Last month, in a hearing about a Judicial Watch lawsuit,
U.S. District Judge Emmet G. Sullivan said legitimate questions have been
raised about whether Clinton's staff was trying to help her to sidestep the
Freedom of Information Act.
"We're talking about a Cabinet-level official who
was accommodated by the government for reasons unknown to the public,"
Sullivan said. "And I think that's a fair statement: For reasons
heretofore unknown to the public. And all the public can do is speculate."
"This is all about the public's right to know,"
Sullivan added.
This is hardly the first time Clinton has tried to
sidestep the public eye. Last year, Pro Publica noted five such
episodes:
In 1992, during Bill Clinton's first run for office, the
Clintons declined to release all of their tax returns because, it turned out, a
few of the returns showed Hillary Clinton's incredible success in commodities
trading when Bill Clinton was attorney general and then governor of Arkansas.

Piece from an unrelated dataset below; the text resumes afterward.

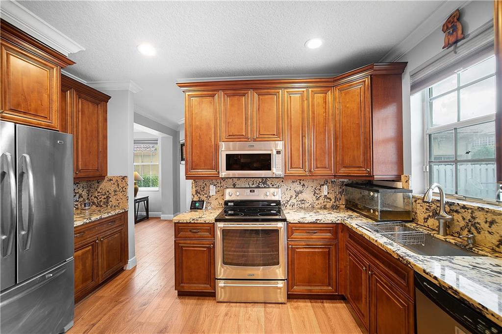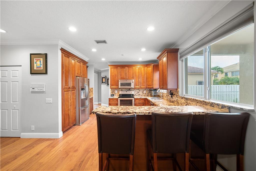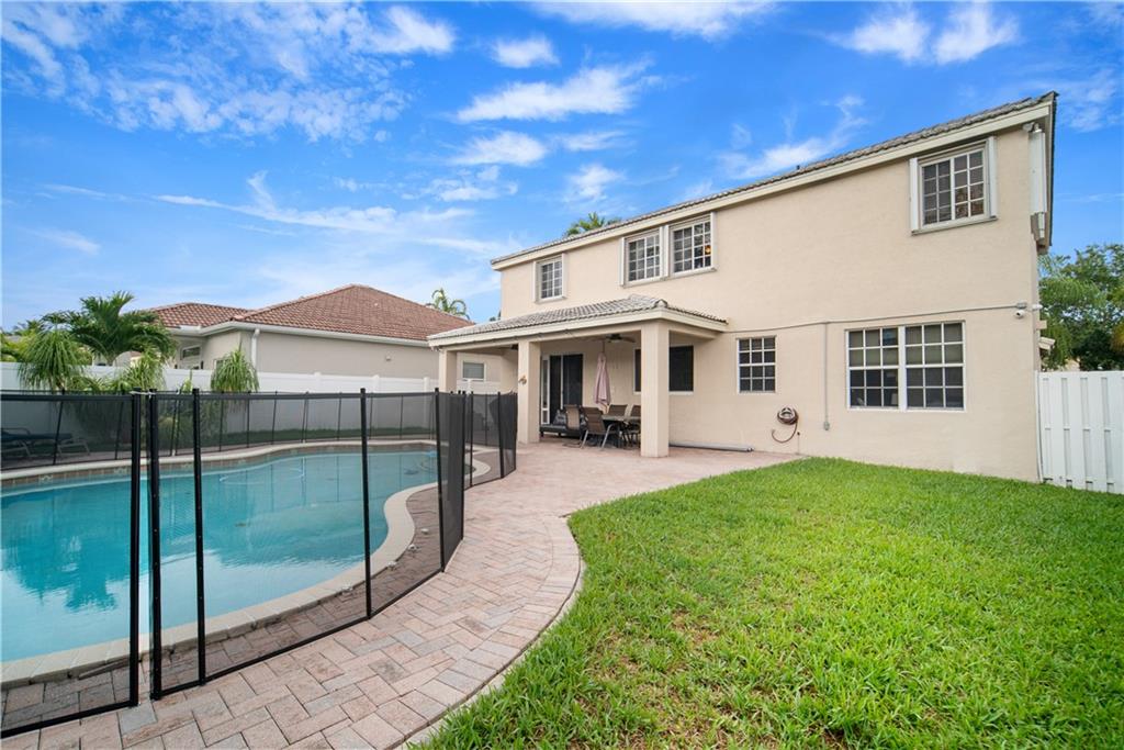 This Beautiful Mediterranean Style Home Features a Spacious Backyard with a Large Lagoon Shaped Pool, Tropical Landscaping, Fully Fenced Yard, Covered Lanai, Pavers and Grass Area Perfect for Your Family & Pets! Light & Bright Remodeled Kitchen Includes Granite Countertops and Backsplash, Stainless Steel Appliances, Lots of Cabinetry Space. Master Bedroom Has Two Huge Walk-in Closet & An Attached Den Used as an Office. First Floor 5th Bedroom Is Perfect for In-Laws & Guests. The Meadows is a beautiful 24 hour gated community in Weston, FL. It is located off Glades Parkway, directly across from Gator Run Elementary School. The Community is Easily Accessible to Grocery Stores, Banks, Hair Salons, Weston's All A-Rated Schools and all Other Entertainment Near I-75 and Interstate 595.

She made almost $100,000 from an initial investment of $1,000 in a matter of
months — a return of 10,000% — under the guidance of a lawyer who was also
outside counsel to Tyson Foods Inc., Arkansas' largest employer. The returns
weren't made public until 1994.
In 1993, Hillary Clinton led a presidential task force to
overhaul the U.S. health care system. The effort ultimately failed but the
group came under intense criticism from lawmakers and
interest groups for meeting behind closed doors. Several court challenges were
brought in an attempt to open the process.
In 1994, U.S. investigators subpoenaed Clinton's billing
records from her years at the Rose Firm in Little Rock, Ark. — documents that
also had been sought by reporters. Of key interest was Clinton's legal work for
a failing savings and loan, but records of those billings weren't found. Pro
Publica: "Much later, Clinton's longtime assistant, Carolyn Huber, said
she found in the White
House residence an additional box of records that contained the billing
memos. They were turned over to the independent counsel in 1996. Clinton testified
she had no knowledge of how the records wound up where they did."

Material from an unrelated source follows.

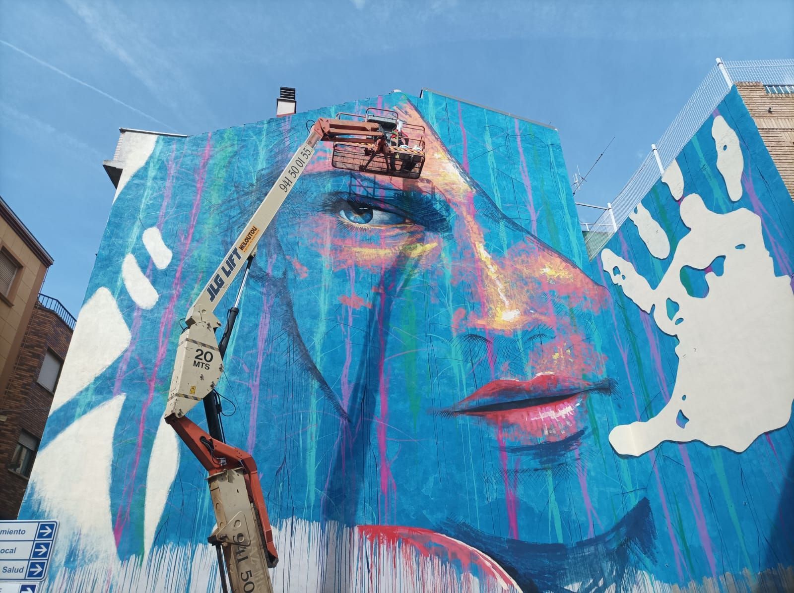 "Lardero por la igualdad" 9 x 13 metros aproximadamente. Revestimiento acrílico para fachadas, aplicado con rodillo, paleta de acero y brochas. Proyecto mural ganador del II CONCURSO DE MURALES, organizado por el Ayuntamiento de Lardero, La Rioja. España.

As a senator in 2006, Clinton set up an energy task force
that produced a 40-page report. That by itself is not unusual, but this was:
The existence of the group, its members and its work product were all kept
secret. Turned out the leader of the task force headed an investment firm with
major holdings in the energy sector.
Public officials keep secrets because they have something
to hide — something they don't want the people they are supposed to be serving
to know anything about.
Last year, the Bill, Hillary and Chelsea Clinton
Foundation became an issue. Donors are identified but not the exact amount of
each donation or the date of those contributions. And the foundation did not
reveal that it was raising money from foreign governments until after Hillary
Clinton left office as secretary of state, an office with power over foreign
affairs and favors second only to the president's.

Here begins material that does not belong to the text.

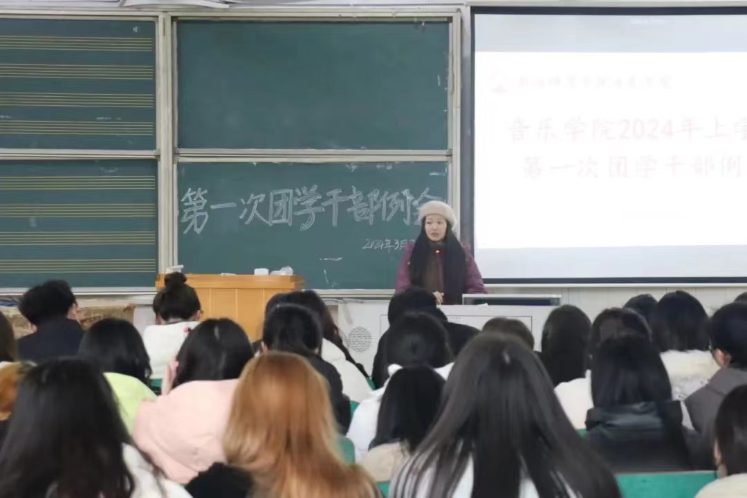 春风拂面,新的学期开始了。3月3日我院于音乐楼301召开了2024年上学期第一次团学干部例会。学院党总支副书记邓寒梅、学工办主任兼团委书记吴瑶瑶、辅导员蒋思源、唐世芳,团委学生会全体学生干部以及各班班长、团支书、学习委员参与本次会议。会议由吴瑶瑶老师主持。

Then there are the closed-door speeches to Wall Street
financial investment firms, for which she received hundreds of thousands of
dollars apiece.
These off-the-record speeches were delivered after
Clinton left the State Department and was preparing for her second bid for the
White House. Clinton has refused to release transcripts of the speeches, saying
she would do so only if other politicians released transcripts of their
speeches. But that, as The New York Times noted in a February
editorial, is a child's excuse.
"Voters have every right to know what Mrs. Clinton
told these groups.... By refusing to release them all, especially the bank
speeches, Mrs. Clinton fuels speculation about why she's
stonewalling," the Times editorial said.
Sen. Bernie Sanders has used the fees she was paid for
the speeches by the most powerful firms on Wall Street against Clinton in their
race for the nomination. Of equal concern is the secrecy involved and Clinton's
continuing refusal to release the transcripts of what she told the investment
bankers.
Clinton has a long track record of public service but an
equally long record of obfuscation, secrecy and working in the shadows to boost
her power and further her ambition. We encourage voters to think long and hard
about that record when choosing the next president.